** Given data **
+++

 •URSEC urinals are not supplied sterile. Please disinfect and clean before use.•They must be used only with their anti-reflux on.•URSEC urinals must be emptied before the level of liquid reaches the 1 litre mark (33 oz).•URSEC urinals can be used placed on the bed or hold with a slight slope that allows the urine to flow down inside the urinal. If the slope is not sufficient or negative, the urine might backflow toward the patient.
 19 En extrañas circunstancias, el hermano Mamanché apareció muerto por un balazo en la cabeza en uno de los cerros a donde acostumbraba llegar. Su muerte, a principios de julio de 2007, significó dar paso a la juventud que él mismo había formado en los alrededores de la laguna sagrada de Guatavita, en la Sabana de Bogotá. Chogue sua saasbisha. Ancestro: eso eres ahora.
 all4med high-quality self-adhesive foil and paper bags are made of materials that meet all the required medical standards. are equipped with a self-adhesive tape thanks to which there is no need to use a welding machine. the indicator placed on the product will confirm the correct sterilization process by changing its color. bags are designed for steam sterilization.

+++

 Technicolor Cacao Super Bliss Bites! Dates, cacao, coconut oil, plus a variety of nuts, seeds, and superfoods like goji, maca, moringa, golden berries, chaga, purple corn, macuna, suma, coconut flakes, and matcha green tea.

+++

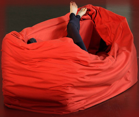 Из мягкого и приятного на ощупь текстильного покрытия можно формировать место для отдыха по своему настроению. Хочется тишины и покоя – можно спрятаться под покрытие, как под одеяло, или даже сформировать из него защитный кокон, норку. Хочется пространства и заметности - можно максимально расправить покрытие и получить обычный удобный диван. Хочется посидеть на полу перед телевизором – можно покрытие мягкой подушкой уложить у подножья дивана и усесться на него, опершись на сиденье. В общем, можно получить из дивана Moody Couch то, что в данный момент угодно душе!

+++

** Instructions for the task **
Across the whole listing above, find every line with the string "that" and copy it.

** Task answer **
 •URSEC urinals are not supplied sterile. Please disinfect and clean before use.•They must be used only with their anti-reflux on.•URSEC urinals must be emptied before the level of liquid reaches the 1 litre mark (33 oz).•URSEC urinals can be used placed on the bed or hold with a slight slope that allows the urine to flow down inside the urinal. If the slope is not sufficient or negative, the urine might backflow toward the patient.
 all4med high-quality self-adhesive foil and paper bags are made of materials that meet all the required medical standards. are equipped with a self-adhesive tape thanks to which there is no need to use a welding machine. the indicator placed on the product will confirm the correct sterilization process by changing its color. bags are designed for steam sterilization.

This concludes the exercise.